§ **Material for this exercise**:
+---+

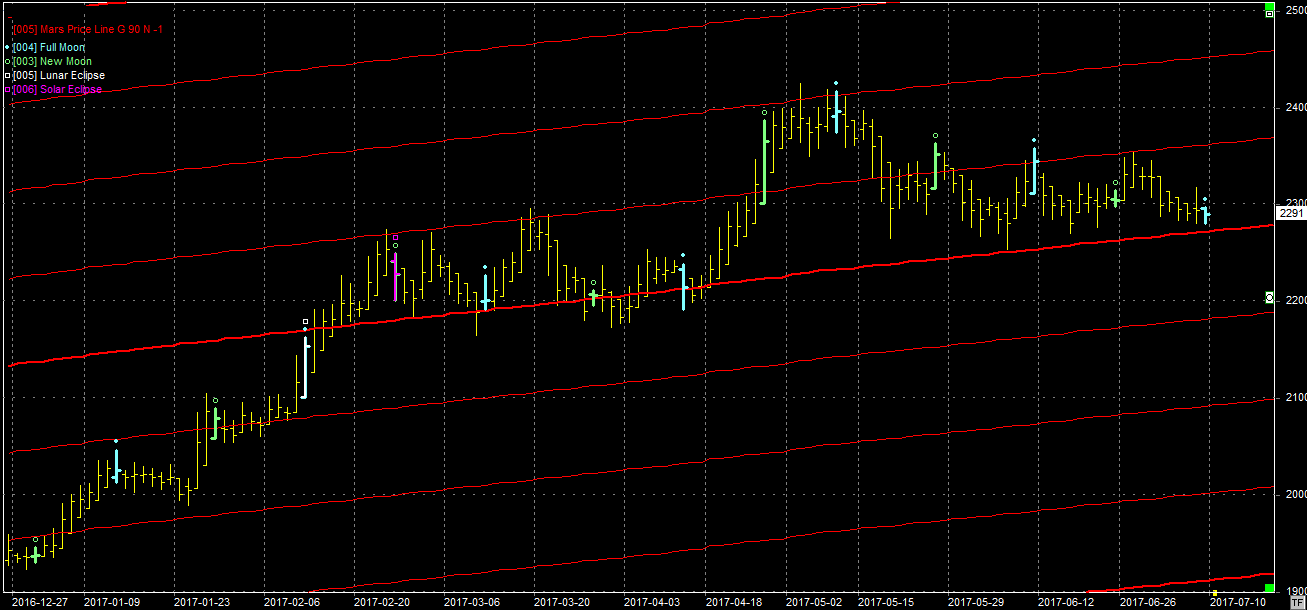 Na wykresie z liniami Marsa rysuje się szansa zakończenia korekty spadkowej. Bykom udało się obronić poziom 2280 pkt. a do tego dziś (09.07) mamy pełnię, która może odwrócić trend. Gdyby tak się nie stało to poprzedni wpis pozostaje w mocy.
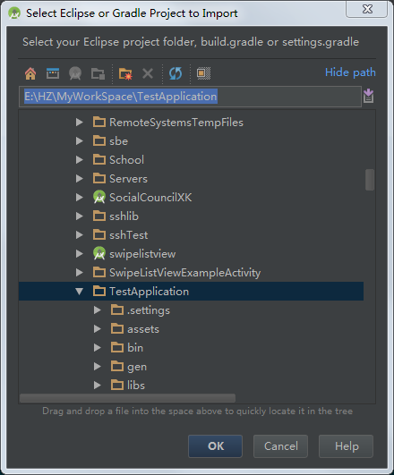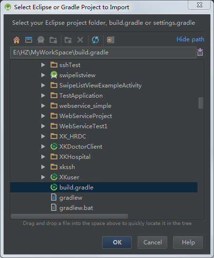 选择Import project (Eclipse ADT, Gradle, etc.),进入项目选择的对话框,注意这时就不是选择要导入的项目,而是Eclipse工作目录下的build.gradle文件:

+---+

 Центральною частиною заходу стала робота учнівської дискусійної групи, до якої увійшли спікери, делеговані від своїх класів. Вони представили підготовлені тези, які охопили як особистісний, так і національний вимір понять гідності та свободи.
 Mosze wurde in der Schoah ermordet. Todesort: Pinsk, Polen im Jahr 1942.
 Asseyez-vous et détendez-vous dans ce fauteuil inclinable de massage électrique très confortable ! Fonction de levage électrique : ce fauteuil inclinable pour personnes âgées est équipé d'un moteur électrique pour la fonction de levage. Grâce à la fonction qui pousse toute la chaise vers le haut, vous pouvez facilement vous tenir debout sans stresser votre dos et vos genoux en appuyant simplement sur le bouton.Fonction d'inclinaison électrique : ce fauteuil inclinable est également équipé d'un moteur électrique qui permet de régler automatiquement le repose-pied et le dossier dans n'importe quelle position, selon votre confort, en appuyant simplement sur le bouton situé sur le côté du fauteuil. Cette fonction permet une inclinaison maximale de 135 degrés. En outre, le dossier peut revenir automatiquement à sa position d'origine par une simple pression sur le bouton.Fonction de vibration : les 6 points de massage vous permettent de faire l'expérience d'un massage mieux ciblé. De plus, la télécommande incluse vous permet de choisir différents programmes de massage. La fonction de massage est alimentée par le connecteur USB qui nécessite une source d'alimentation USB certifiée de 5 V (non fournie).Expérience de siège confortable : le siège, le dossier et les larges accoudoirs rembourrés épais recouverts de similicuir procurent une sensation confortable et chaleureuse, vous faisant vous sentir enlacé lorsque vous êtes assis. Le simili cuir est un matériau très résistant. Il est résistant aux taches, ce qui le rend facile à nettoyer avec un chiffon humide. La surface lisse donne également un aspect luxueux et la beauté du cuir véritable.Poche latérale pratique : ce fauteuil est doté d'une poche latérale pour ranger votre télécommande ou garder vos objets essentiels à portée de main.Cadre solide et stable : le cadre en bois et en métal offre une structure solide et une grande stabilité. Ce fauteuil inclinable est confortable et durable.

+---+

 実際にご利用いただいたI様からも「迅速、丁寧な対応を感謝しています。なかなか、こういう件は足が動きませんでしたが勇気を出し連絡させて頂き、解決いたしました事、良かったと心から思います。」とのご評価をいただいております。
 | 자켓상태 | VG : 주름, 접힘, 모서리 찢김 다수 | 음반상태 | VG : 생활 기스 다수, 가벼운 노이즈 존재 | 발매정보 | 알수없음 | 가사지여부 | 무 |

+---+

§ **Task directions**:
In the listing above, find the line with "実際にご利用いただいたI様か" and the line with "가사지여부 | 무 |"; output exactly those lines and all lines between them.

§ **Solution**:
 実際にご利用いただいたI様からも「迅速、丁寧な対応を感謝しています。なかなか、こういう件は足が動きませんでしたが勇気を出し連絡させて頂き、解決いたしました事、良かったと心から思います。」とのご評価をいただいております。
 | 자켓상태 | VG : 주름, 접힘, 모서리 찢김 다수 | 음반상태 | VG : 생활 기스 다수, 가벼운 노이즈 존재 | 발매정보 | 알수없음 | 가사지여부 | 무 |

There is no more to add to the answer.